UK gross domestic product beat expectations offering Pound bulls something tangible, GDP recorded 0.3% growth against expectations of 0.2% assisted by increases in vehicle purchases and seeing GDP at its fastest rate this year.
Average earnings data also highlighted a lift in July (2.6%) with the data highlighting the fastest rise in earnings in three years. The data was also further accentuated by the UK’s low unemployment rate which remained at 4.0%
Manufacturing still finds itself in a challenging predicament with the sector grinding to its most modest increase since the referendum. The sector showed a -0.2% decrease against the forecast growth rate of 0.2%.
Over the week pound exchange rate have been trading between a familiar trading band. GBP/EUR trading at a week low of 1.1170 and a high of 1.1248.

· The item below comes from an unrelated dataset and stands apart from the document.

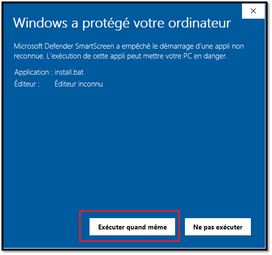 2. Cliquer avec le bouton droit de la souris sur fichier install.bat .

The latest data added to the Pound’s support and arguably demonstrating despite the UK’s uncertain future that the economy does currently have some stability, naturally, this outlook will be tested in the coming months as the UK’s relationship with Europe becomes clearer.
Sterling also managed to triumph against the Dollar this week touching its highest level in 6 weeks. On Friday GBP/USD rallied to a 6-week high of 1.3135 bolting through the phycological level of 1.30 where it has remained despite a sell-off on Friday. Demonstrating GBP will almost certainly encounter resistance once it crosses the 1.30 threshold.
The data whilst encouraging for the UK will almost certainly be undermined by the wrangling of the divided UK government. GBP is artificially low because of the failings on inconsistencies of the UK government. It’s hard to argument pound rallying past its current trading bands all the time the outcome of the UK and EU’s relations remains so uncertain.